FOR most of the post World War II period, Sweden was the shining example of socialism that worked. From 1945 until 1989, its unemployment rate never moved above 4 percent, and its manufactured goods became synonymous with quality.
But the new world order that came with the collapse of Soviet communism and a rejuggling of economic relationships has shaken Sweden and its Scandanavian neighbors only slightly less than the countries of Eastern Europe, which had been tethered to Moscow.
Finland, for instance, felt the change quickly, since much of its commerce had been tied to the Soviets. Unemployment there rapidly shot from 2 percent to 10 percent.
Sweden's jobless rate now hovers at about 9 percent, a state of affairs that has forced the Stockholm government to weigh what it considers drastic measures, including free-market reforms and deep cuts in social programs.
At present, a three-man commission of foreign economists, set up by an act of the Swedish parliament, is in the final stages of assessing the country's labor market. It is scheduled to issue its report in January. One member of that panel, David Blanchflower, an economics professor at Dartmouth College in Hanover, N.H., says the unemployment problem is probably even worse than official data show.
Figuring in government training and make-work projects called ``active labor market programs,'' the jobless rate may be as high as 15 percent, Mr. Blanchflower says. And the government is hard pressed to expand such programs since it is in the throes of a fiscal crisis that could result in sharp cuts in social spending.
The political implications of this situation were demonstrated in late September when voters ousted the conservative coalition of former Prime Minister Carl Bildt. Mr. Bildt had pushed a program of privatization, deregulation, and the introduction of competition in education and health services - much of which is likely to stay in place. Swedes balked, however, at the prospect of threatened reductions in unemployment and health benefits.
But even incoming Social Democratic Prime Minister Ingvar Carlsson has publicly admitted that he can't rule out deep cuts in social programs.
The choices facing Swedes are fairly stark, Blanchflower says. Unemployment benefits have traditionally been very high, creating a disincentive to work, he says. That, together with generous paid-leave policies and an average work year (1,400 hours) that is considerably shorter than in the US (1,800 hours), doesn't give much hope of reviving a stalled economy.
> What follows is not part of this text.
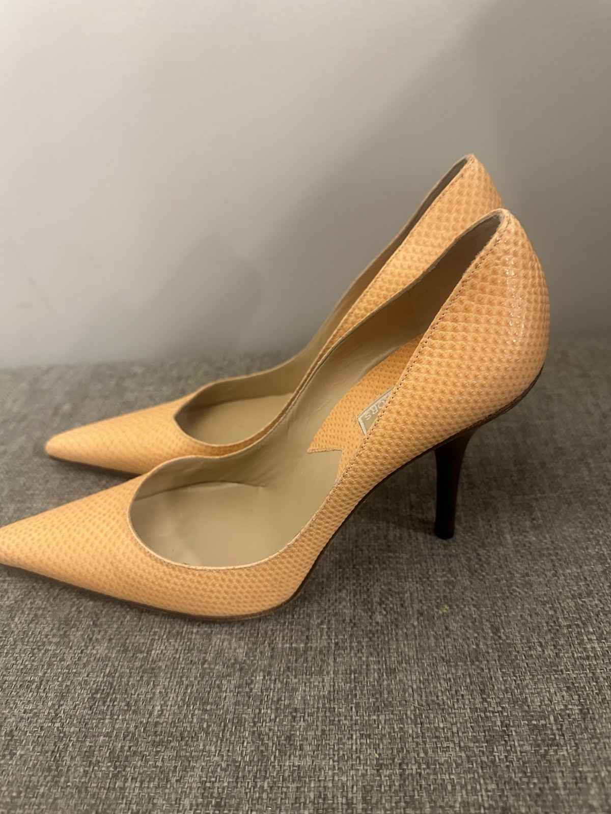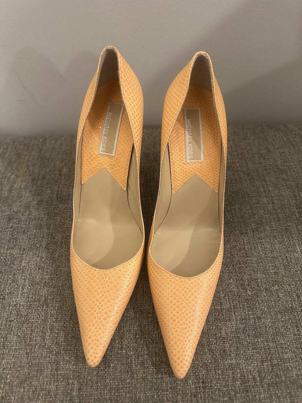 These Michael Kors Orange Snakeskin Stilettos in size 7.5 are a stylish and glamorous addition to any woman's shoe collection. Featuring a pointed toe, slip-on closure, and ultra-high stiletto heel, these pumps offer both comfort and elegance. The vibrant orange color and animal print pattern add a bold touch to the design, making them perfect for a night out or special occasion. Crafted from leather with a stiletto heel, these Michael Kors shoes are sure to make a statement wherever you go. Preowned Good Condition
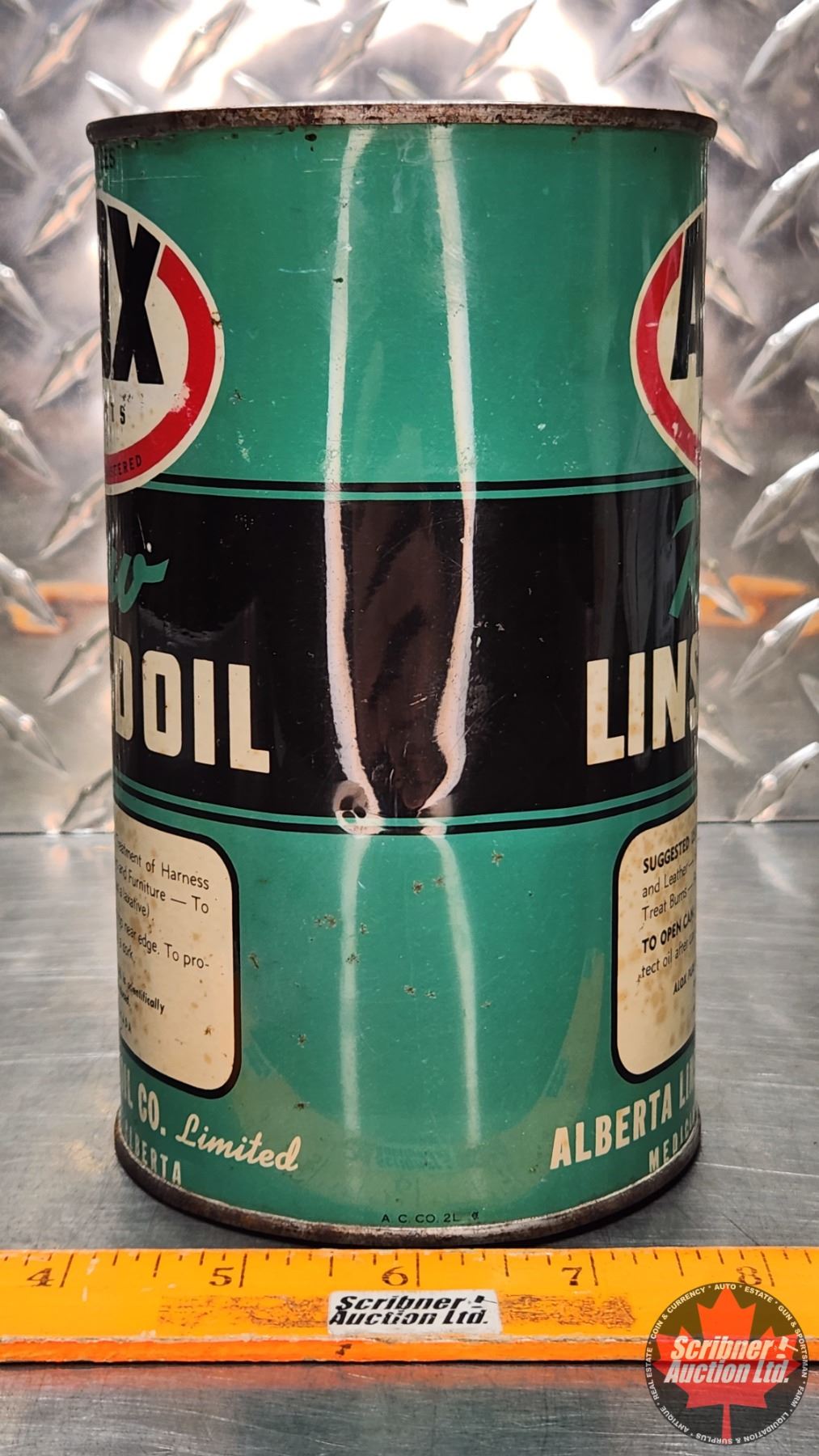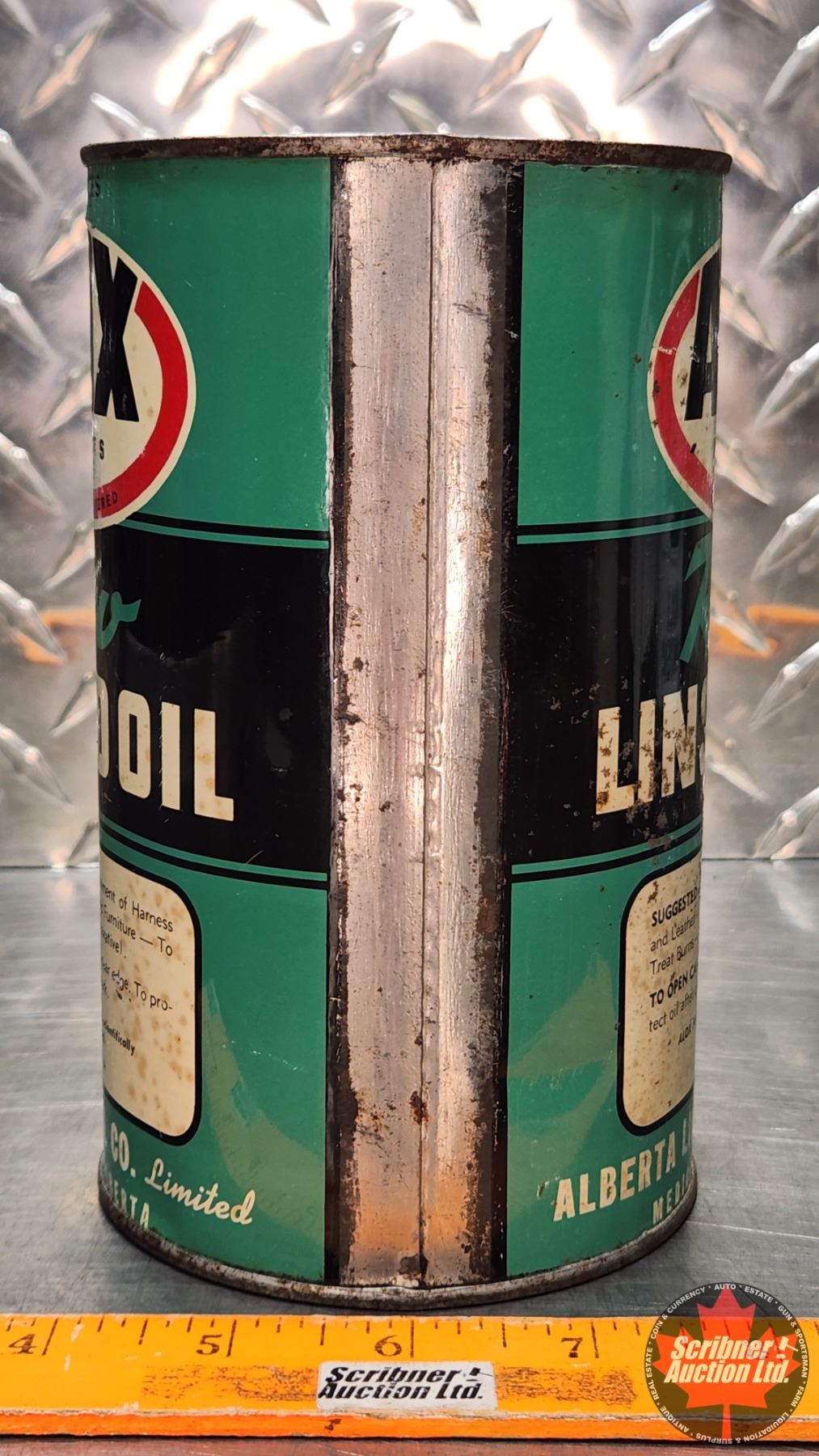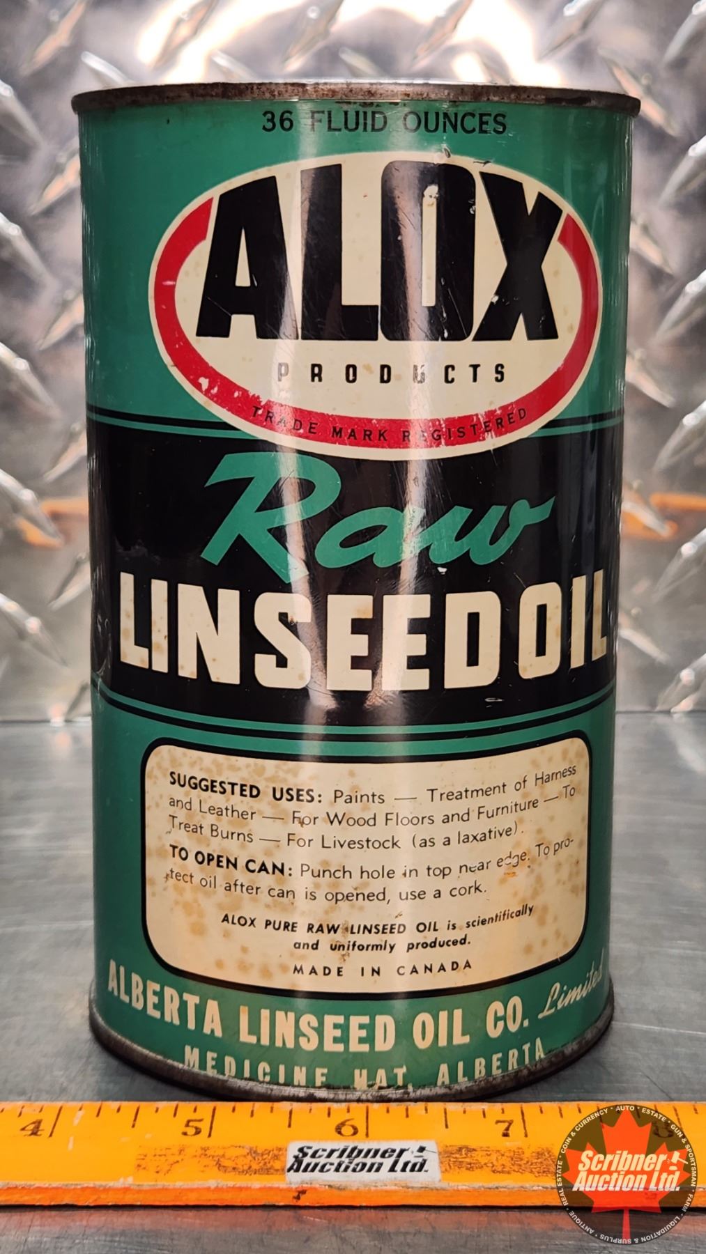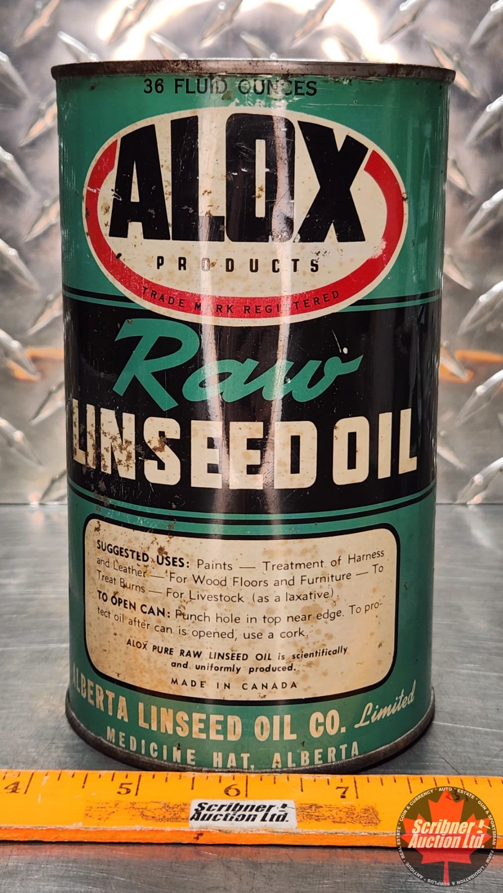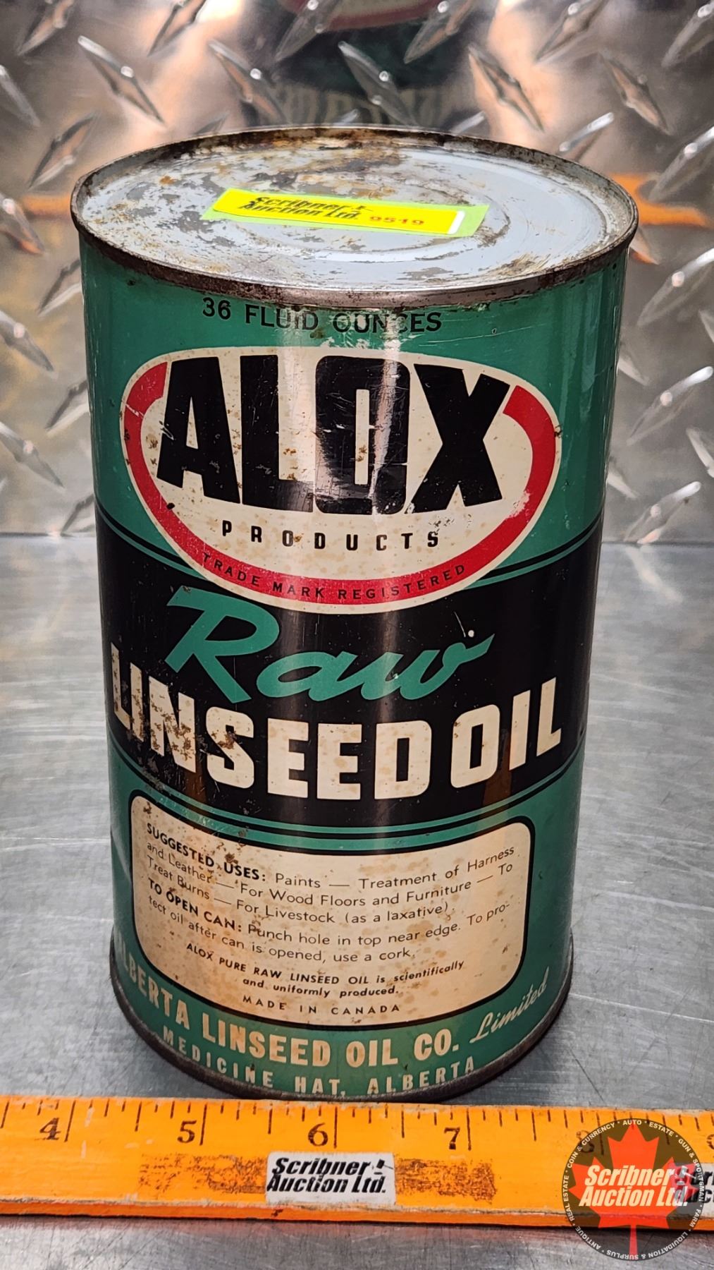 OIL TIN : ALOX Raw Linseed Oil ( 6-3/4"H x 4"Dia) (SEE PICS!)

Swedish labor policies have been ``hugely generous,'' Blanchflower says, ``but now the country can't afford it.''
The Dartmouth professor, whose fellow commission members are Richard Jackman of the London School of Economics and Giles St. Paul, a Paris-based economist, says he can't divulge what their recommendations to the Swedish government will be. But he says the tone isn't likely to diverge much from an earlier report by a panel led by Swedish economist Assar Lindbeck. Mr. Lindbeck's report, published this year by MIT Press under the title, ``Turning Sweden Around,'' strongly recommended a turn toward a free-market system closer to the United States model.
That's a bitter pill for many Swedes, but an economic restructuring is inevitable, Blanchflower says. If you look at the neighborhood around Sweden - including the Baltic nations and much of Eastern Europe - he says, you see a host of economies trying to modernize. They're going to create a whole new competitive environment, and Sweden will find it ``very hard to stand aside'' as it has in the past, pursuing its own economic agenda.
A major test of the country's willingness to reset its economic compass will come in November when Swedes go to the polls again, this time to decide on membership in the European Union.